Imagine how alarmed I've felt the last 2 days hearing my autistic son say repeatedly, "He touched the butt." This is a child who is verbal yet rarely expresses himself clearly. He often speaks in riddles, forcing us to crack codes and hunt for clues to figure out what he is really saying. Anyway, I checked in with the teacher, and she said nothing's awry at school as far as she knows. They keep a close eye on him at my insistence and because he tends to be very random with his not-so-pleasant behaviors. 

I decided I was going to get more info out of him cleverly. He kept saying this over and over, and I asked him, "Oh, yea? Who touched the butt." No answer. I waited. Then I asked again, "Hey, did somebody touch the butt? Person's name is __?" He often fills in the blank. This time, no answer. This continued all evening. I kept nagging him with my incessant yet subtle interrogation. If anyone messed with my boy, I was already getting revved up for war! 
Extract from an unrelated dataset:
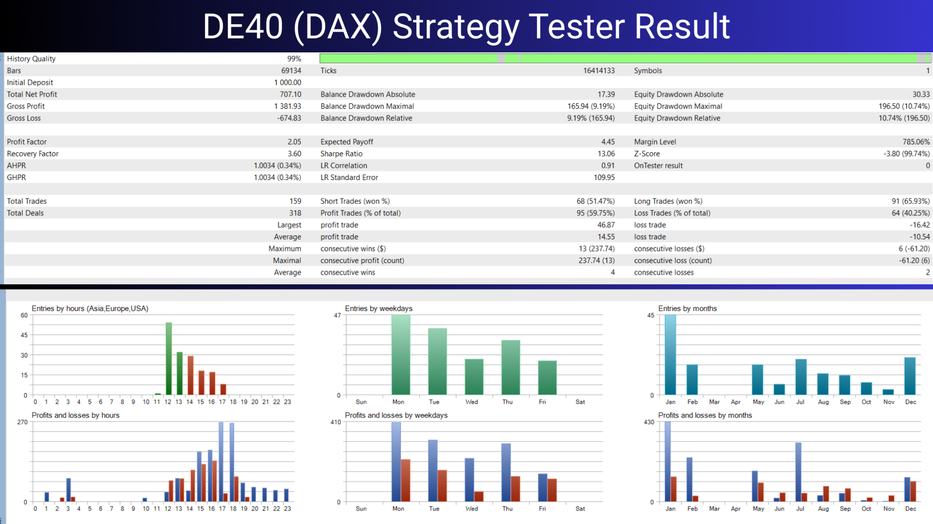 The European Engine (DE40): Aktiv während der Londoner Sitzung. Diese Engine sucht nach Ausbrüchen mit einer hybriden H1 Breakout + M5 Scaling Logik. Er fängt das frühe europäische Momentum ein.
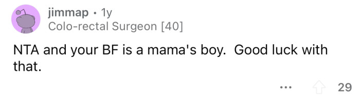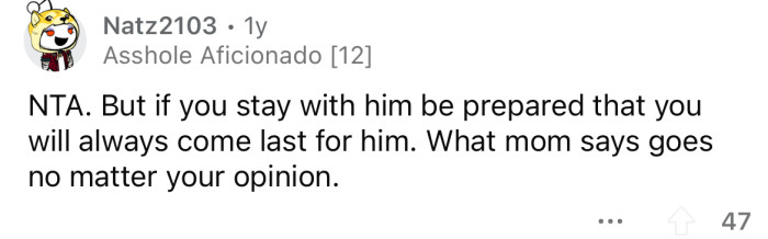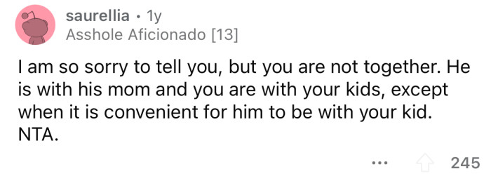 The OP says her boyfriend is always ditching her to spend time with his mom.

After a zillion times, I tried one last time before he went to bed. This time, I tried a different angle to the question. "So ... somebody touched the butt. I wonder who it was. Hmmmm. Was it Optimus Prime? Hey, Optimus, did you touch the butt?" He has a giant cardboard Optimus Prime hanging on the wall in his room. 

Then from behind me, I hear, "NO. Nemo touched the butt." 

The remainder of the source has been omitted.